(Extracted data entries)
──────────────────────────────

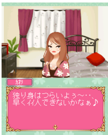
いい人できるかな？
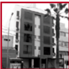
Edificio Parque Grau PUEBLO LIBRE JULIO 2007
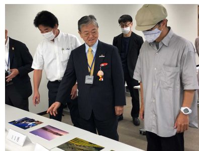
審査の様子。力作揃いに、審査員は大いに頭を悩ませていました
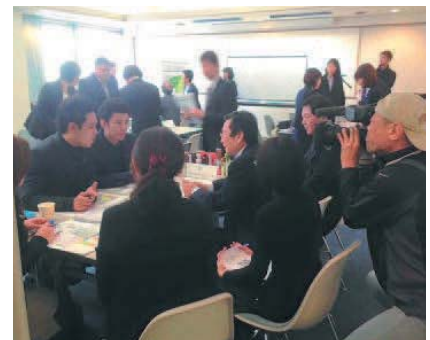
タイ国コスメティック商談会 (2016年1月19日) Thailand Cosmetics Business Matching (January 19, 2016)
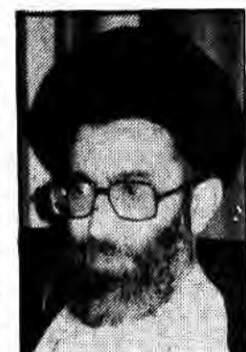
جمعی از علمای اهل تسنن و تشیع منطقه گرگان و گنبد

وزارت امور خارجه جمهوری اسلامی ایران در پاسخ به یادداشت وزارت امور خارجه شوروی در رابطه با راهپیمایی و تظاهرات اخیر مسلمانان افغانی در اطراف سفارت شوروی پاسخ داد. متن پاسخ وزارت امور خارجه کشورمان باین شرح است:
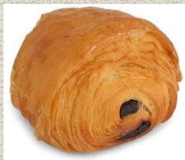
Bánh Sừng Bò Sô-cô-la Chocolate Croissant
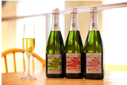
【A-FACTORY アオモリシードル】
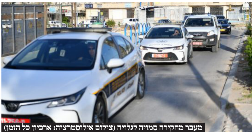
מעבר מחקירה סמויה לגלויה

מהחקירה הסמויה עלה כי החשודים איתרו באופן שיטתי קשישים עריריים מאזור גוש דן, שהלכו לעולמם זמן לא רב לפני כן, זייפו את צוואותיהם, הציגו מצג כאילו הם אשר יועדו להיות היורשים החוקיים של הקשישים, ובסיוע של עורכי דין, פעלו מול רשויות המדינה על מנת
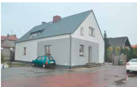
Budynek policji po remoncie

20 grudnia 2017 roku nastąpiło uroczyste otwarcie nowego posterunku policji.

──────────────────────────────

> What you will do: The entries above are to be reproduced exactly, with the pictures dropped.

> Your solution:
いい人できるかな？
Edificio Parque Grau PUEBLO LIBRE JULIO 2007
審査の様子。力作揃いに、審査員は大いに頭を悩ませていました
タイ国コスメティック商談会 (2016年1月19日) Thailand Cosmetics Business Matching (January 19, 2016)
جمعی از علمای اهل تسنن و تشیع منطقه گرگان و گنبد

وزارت امور خارجه جمهوری اسلامی ایران در پاسخ به یادداشت وزارت امور خارجه شوروی در رابطه با راهپیمایی و تظاهرات اخیر مسلمانان افغانی در اطراف سفارت شوروی پاسخ داد. متن پاسخ وزارت امور خارجه کشورمان باین شرح است:
Bánh Sừng Bò Sô-cô-la Chocolate Croissant
【A-FACTORY アオモリシードル】
מעבר מחקירה סמויה לגלויה

מהחקירה הסמויה עלה כי החשודים איתרו באופן שיטתי קשישים עריריים מאזור גוש דן, שהלכו לעולמם זמן לא רב לפני כן, זייפו את צוואותיהם, הציגו מצג כאילו הם אשר יועדו להיות היורשים החוקיים של הקשישים, ובסיוע של עורכי דין, פעלו מול רשויות המדינה על מנת
Budynek policji po remoncie

20 grudnia 2017 roku nastąpiło uroczyste otwarcie nowego posterunku policji.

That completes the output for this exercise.